> PROMPT:
Please write out all of the data below exactly, without including the pictures.

INFORMATION Block Start

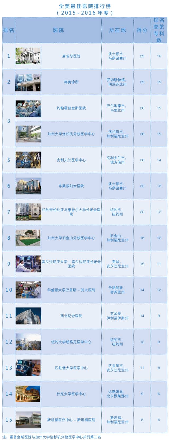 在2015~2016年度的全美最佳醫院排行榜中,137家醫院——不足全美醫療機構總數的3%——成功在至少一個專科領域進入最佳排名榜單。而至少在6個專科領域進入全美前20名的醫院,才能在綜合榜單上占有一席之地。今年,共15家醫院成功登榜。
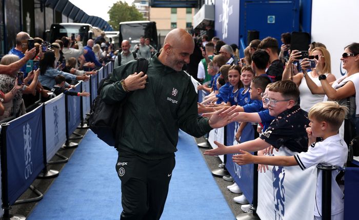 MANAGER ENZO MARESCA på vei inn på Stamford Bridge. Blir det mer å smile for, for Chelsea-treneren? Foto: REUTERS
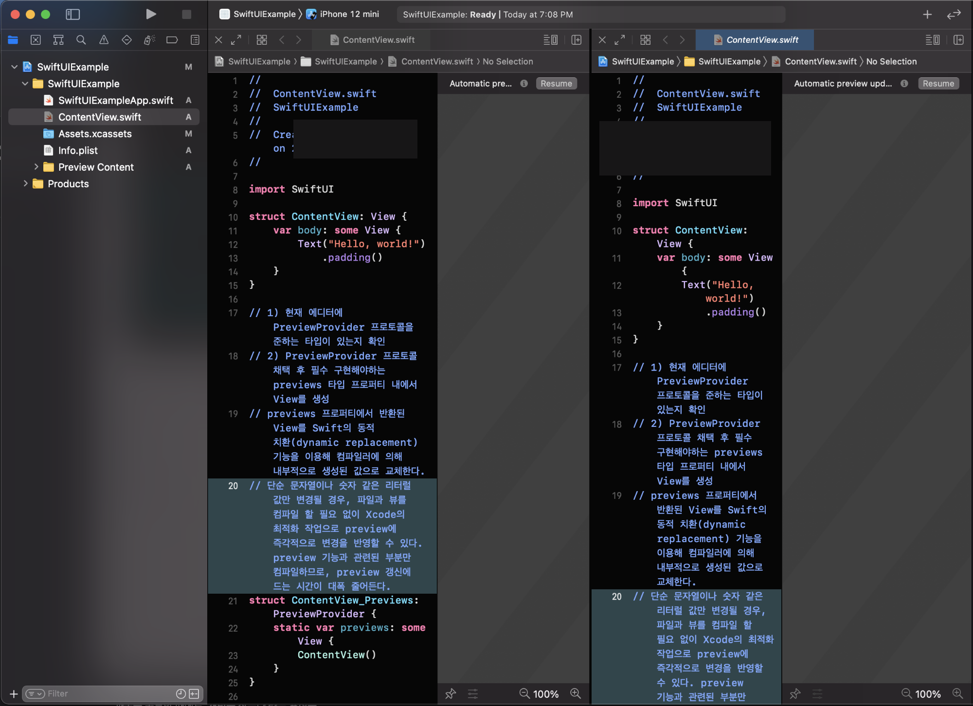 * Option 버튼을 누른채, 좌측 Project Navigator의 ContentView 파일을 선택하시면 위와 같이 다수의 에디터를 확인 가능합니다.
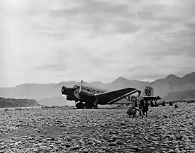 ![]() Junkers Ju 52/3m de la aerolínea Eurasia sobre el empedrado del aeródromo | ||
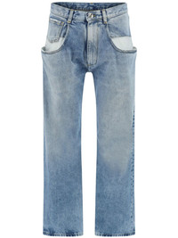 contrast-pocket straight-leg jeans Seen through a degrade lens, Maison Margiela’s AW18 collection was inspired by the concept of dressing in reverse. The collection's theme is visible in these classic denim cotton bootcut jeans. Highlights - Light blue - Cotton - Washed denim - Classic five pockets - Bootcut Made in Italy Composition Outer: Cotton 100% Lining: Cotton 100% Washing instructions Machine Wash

INFORMATION Block End

> OUTPUT:
 在2015~2016年度的全美最佳醫院排行榜中,137家醫院——不足全美醫療機構總數的3%——成功在至少一個專科領域進入最佳排名榜單。而至少在6個專科領域進入全美前20名的醫院,才能在綜合榜單上占有一席之地。今年,共15家醫院成功登榜。
 MANAGER ENZO MARESCA på vei inn på Stamford Bridge. Blir det mer å smile for, for Chelsea-treneren? Foto: REUTERS
 * Option 버튼을 누른채, 좌측 Project Navigator의 ContentView 파일을 선택하시면 위와 같이 다수의 에디터를 확인 가능합니다.
 ![]() Junkers Ju 52/3m de la aerolínea Eurasia sobre el empedrado del aeródromo | ||
 contrast-pocket straight-leg jeans Seen through a degrade lens, Maison Margiela’s AW18 collection was inspired by the concept of dressing in reverse. The collection's theme is visible in these classic denim cotton bootcut jeans. Highlights - Light blue - Cotton - Washed denim - Classic five pockets - Bootcut Made in Italy Composition Outer: Cotton 100% Lining: Cotton 100% Washing instructions Machine Wash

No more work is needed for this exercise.